Современный причет, использующий песенные, даже былинные отголоски, грамотная причетчица может и записать, при этом ей необходим какой-то первоначальный толчок, пробуждающий эмоциональную память. После этого начинает работать поэтическое воображение, и причетчица на традиционной основе создает свое собственное произведение. Именно так произошло с колхозницей Марией Ерахиной из Вожегодского района Вологодской области[137]. Начав с высказывания обиды ("замуж выдали молодешеньку"), Ерахина образно пересказывает все основные события своей жизни:
Под венец идти — ноской вынесли.
Очень хорошо описана у Ерахиной свадьба:
Не скажу, чтобы я красавица, А талан дак был, люди славили.
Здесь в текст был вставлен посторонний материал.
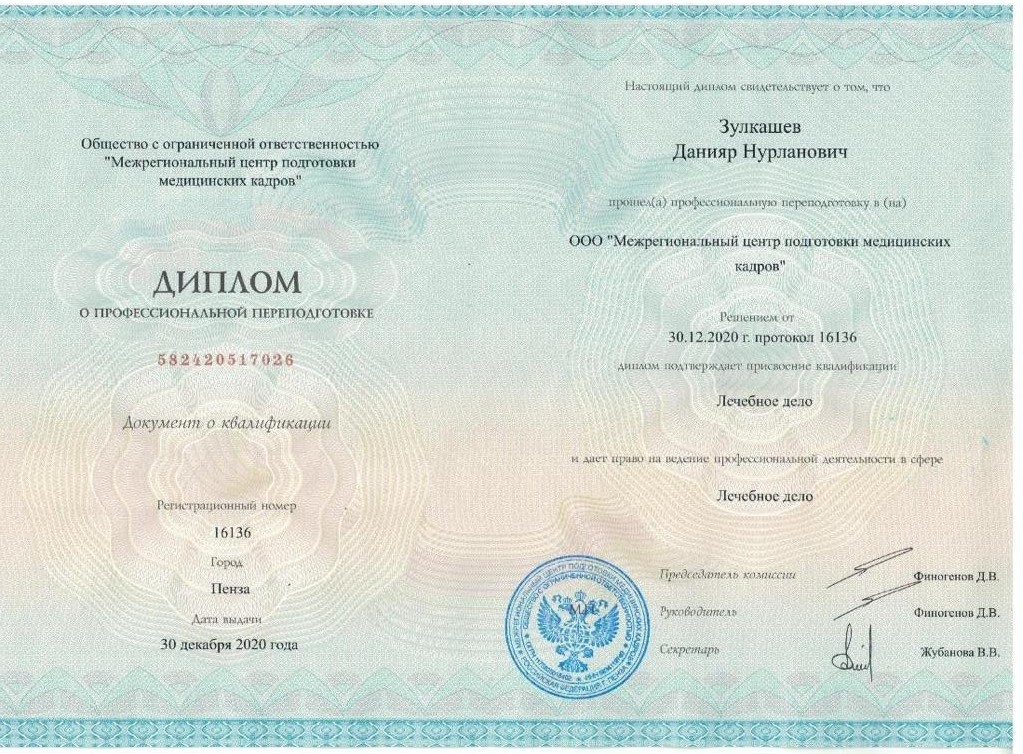 Меня зовут Зулкашев Данияр Нурланович, я — фельдшер выездной наркологической бригады в наркологической клинике "Плюс" в Барабинске. Я стремлюсь помогать людям, оказывая квалифицированную медицинскую помощь в самых разных ситуациях, и верю, что каждый пациент заслуживает внимания и поддержки на пути к выздоровлению.
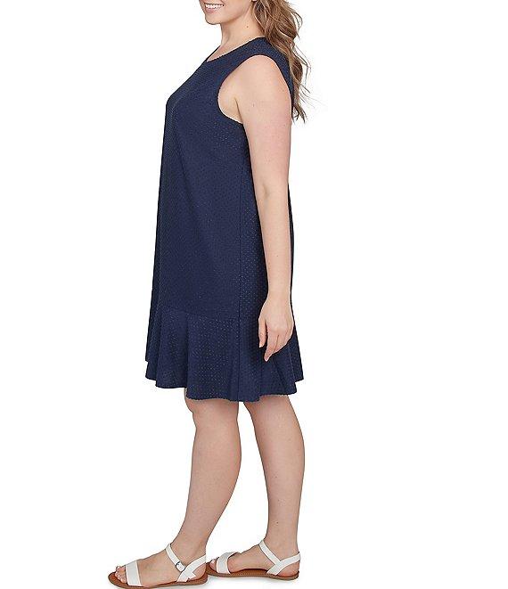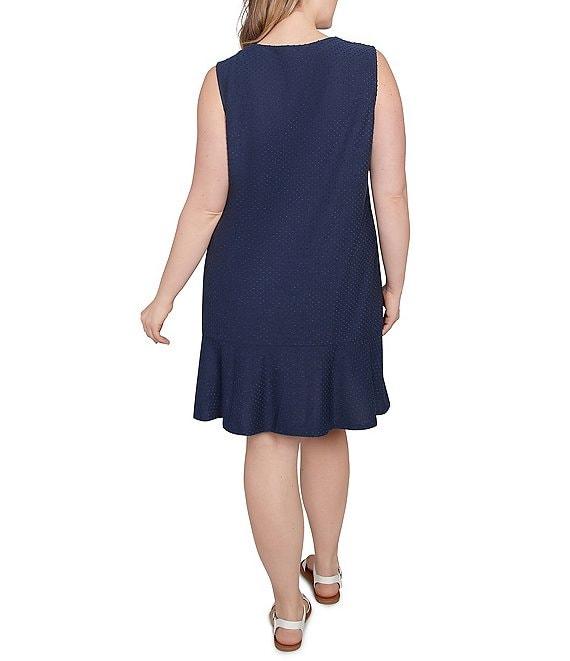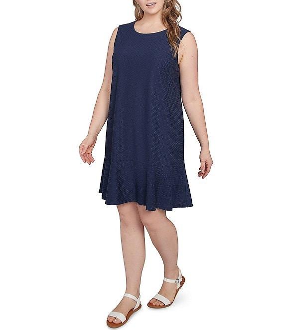 From Ruby Rd. Plus, this dress features: Shift silhouette Scoop neckline Sleeveless Swiss dot pattern Tiered hem Pullover construction Approx. 38" length Polyester Machine washable Imported. Stay cool and stylish with our Swiss Dot Peplum Dress. The sleeveless design and boat neckline offer a classic look, while the peplum hemline and Swiss dot pattern add a touch of personality. The soft, comfortable fabric ensures all-day comfort.
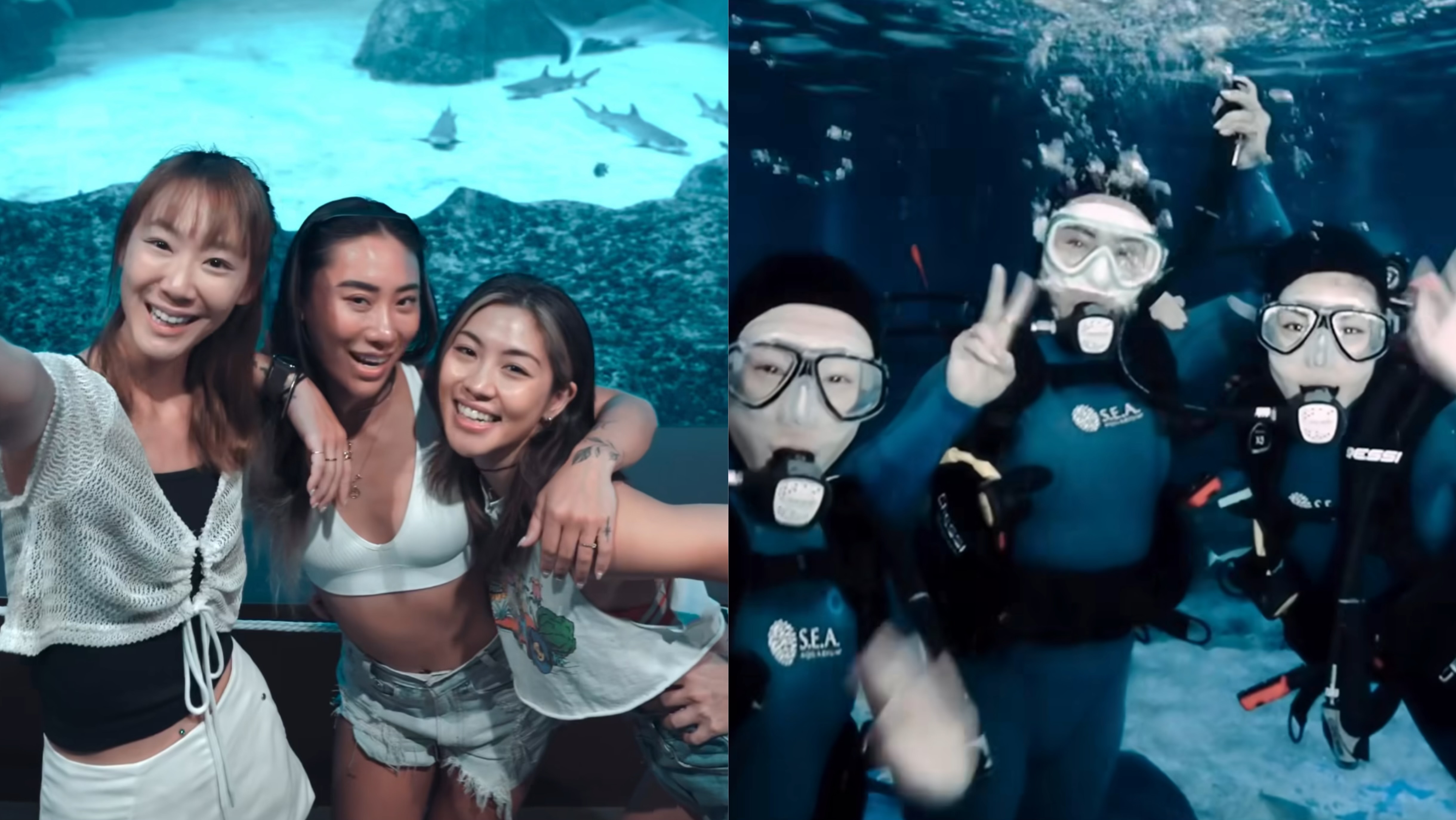 Julie Tan, Sandra Riley Tang and Narelle Kheng went swimming with sharks
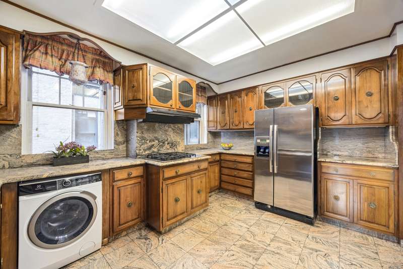 The formal dining room is immediately adjacent to the living room and easily accommodates large holiday gatherings or the most elaborate dinner parties. Currently partially opened to the living room by a half wall, the room may be restored with a full for more traditional entertaining or opened entirely for loft-like living. West facing as well, it is also filled with afternoon sun. Just beyond, the oversized double-windowed eat-in kitchen includes a separate breakfast area for casual dining. To the West, there is a large service room which originally contained a bathroom as well and thereby offers wonderful flexibility of use as a bedroom or home office as it now, or divided to accommodate a restored bathroom or laundry room, per your needs. Please see alternate floor plan.
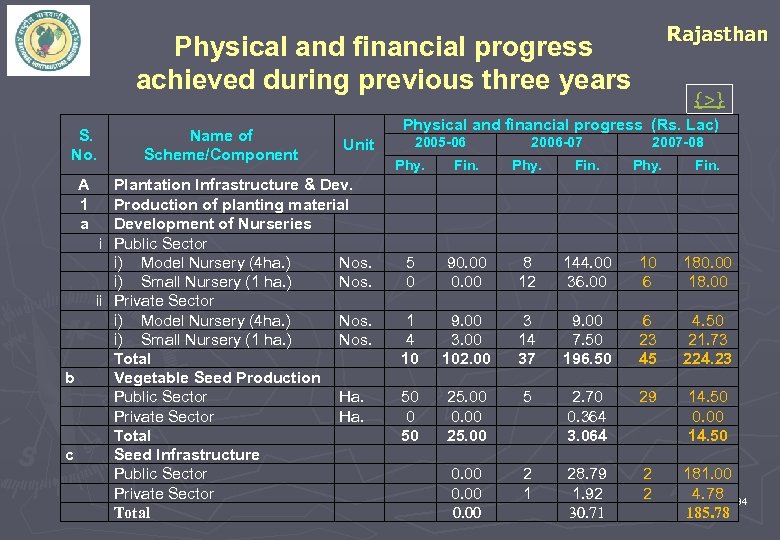 Rajasthan Physical and financial progress achieved during previous three years S. No. Name of Scheme/Component A 1 a i ii b c {>} Physical and financial progress (Rs. Lac) 2005 -06 Unit Plantation Infrastructure & Dev. Production of planting material Development of Nurseries Public Sector i) Model Nursery (4 ha. ) Nos. i) Small Nursery (1 ha. ) Nos. Private Sector i) Model Nursery (4 ha. ) Nos. i) Small Nursery (1 ha. ) Nos. Total Vegetable Seed Production Public Sector Ha. Private Sector Ha. Total Seed Infrastructure Public Sector Private Sector Total 2006 -07 2007 -08 Phy. Fin. 10 6 180. 00 18. 00 5 0 90. 00 8 12 144. 00 36. 00 1 4 10 9. 00 3. 00 102. 00 3 14 37 9. 00 7. 50 196. 50 6 23 45 4. 50 21. 73 224. 23 50 0 50 25. 00 0. 00 25. 00 5 2. 70 0. 364 3. 064 29 14. 50 0. 00 2 1 28. 79 1. 92 30. 71 2 2 181. 00 4. 78 34 185. 78
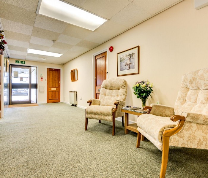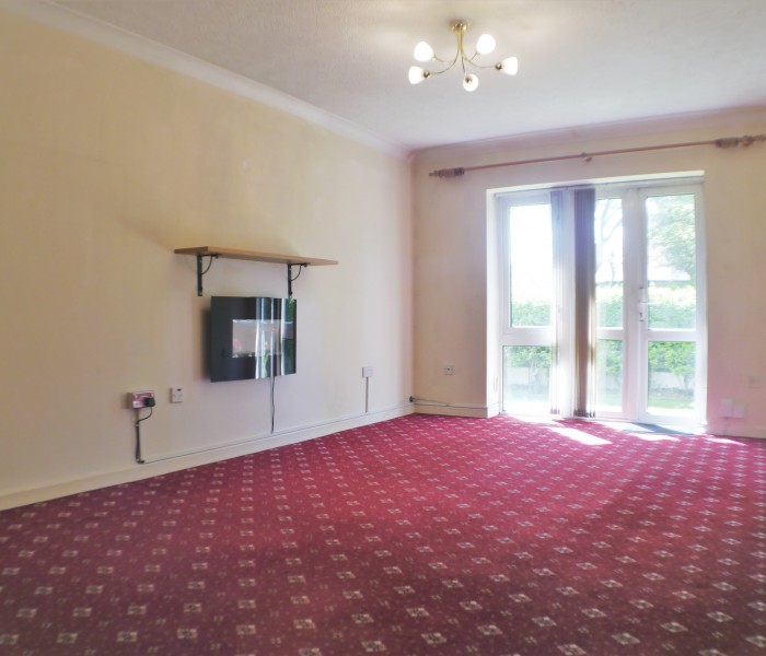 Good size lounge with electric modern fire place, carpeted, neutral decor, upvc double glazed window and door to the south facing communal garden, one electric heater.
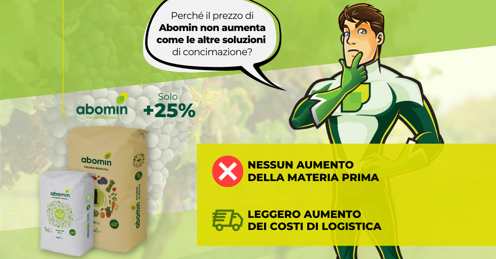 Oggi grazie a recenti scoperte con l’unione di sostanza organica e polvere di roccia Abomin si riesce a risparmiare notevolmente rispetto all’uso di concimi salini (solfati, nitrati, fosfati, uree) migliorando parametri qualitativi e quantitativi.
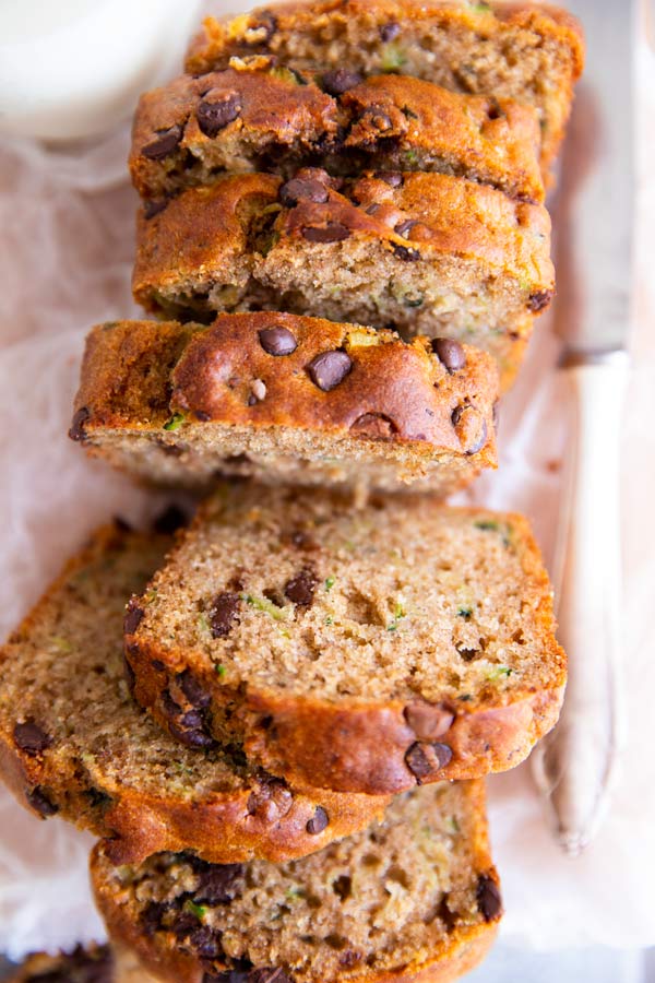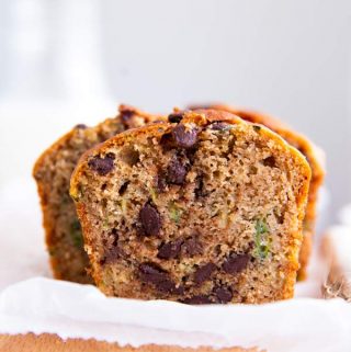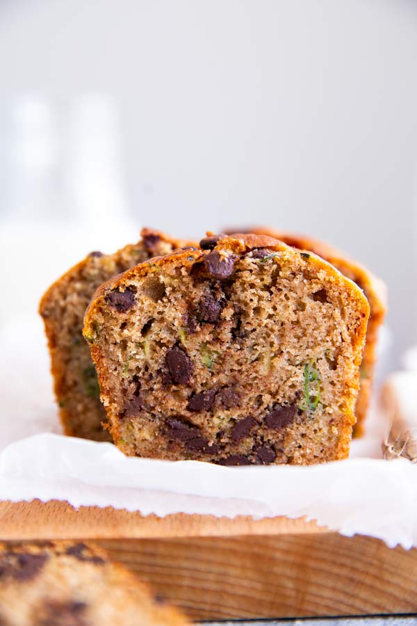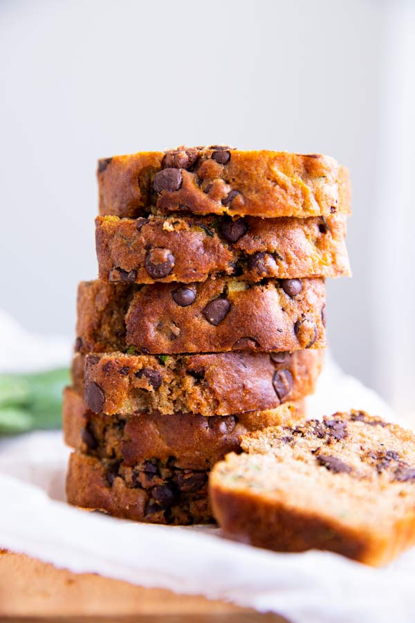 My kids and husband love a slice (or five, ahem) of zucchini bread as an afternoon snack. And my 3 year old especially when there’s chocolate chips involved…

С мою сторону вот чего говорят: "Ой, какую мы дали ягоду, Буди маков цвет, девка золото!" А и те свое: "Мы не хуже вас, Мы и стоили вашей Марьюшки…"
Перед тем как везти невесту в "богоданный дом",
Говорит отец свекру-батюшке: "Теперь ваша дочь, милый сватушка, Дан вам колокол, с ним хоть об угол".
Поистине народное отношение к семье чувствуется далее в причете, обиды забыты, и все как будто идет своим чередом:
И привыкла я ко всему потом, На свекровушку не обижусь я, Горяча была да отходчива. Коли стерпишь ты слово бранное, Так и можно жить, грешить нечего.
Но муж заболел и умер, оставив после себя пятерых сирот.
Горевала я, горько плакала, Как я буду жить вдовой горькою, Как детей поднять, как же выучить, Как их мне, вдове, в люди вывести? И свалилася мне на голову Вся работушка, вся заботушка, Вся мужицкая да и женская. Я управлю дом, пока люди спят, С мужиками вдруг[138] в поле выеду И пашу весь день, почти до ночи. Все работы я приработала, Все беды прошла, все и напасти, Лес рубила я да и важивала, На сплаву была да и танывала, Да где хошь спасут люди добрые. Всех сынов тогда поучила я, В люди вывела и не хуже всех. И вперед[139] себе леготу ждала Да и думаю, горе бедное: Будет легче жить, отдохну теперь. Ой, не к этому я рожденная! Мне на голову горе выпало, Сердце бедное мое ранило, Никогда его и не вылечить, Только вылечит гробова доска! Надо мной судьба что наделала, Отняла у меня двух сынов моих…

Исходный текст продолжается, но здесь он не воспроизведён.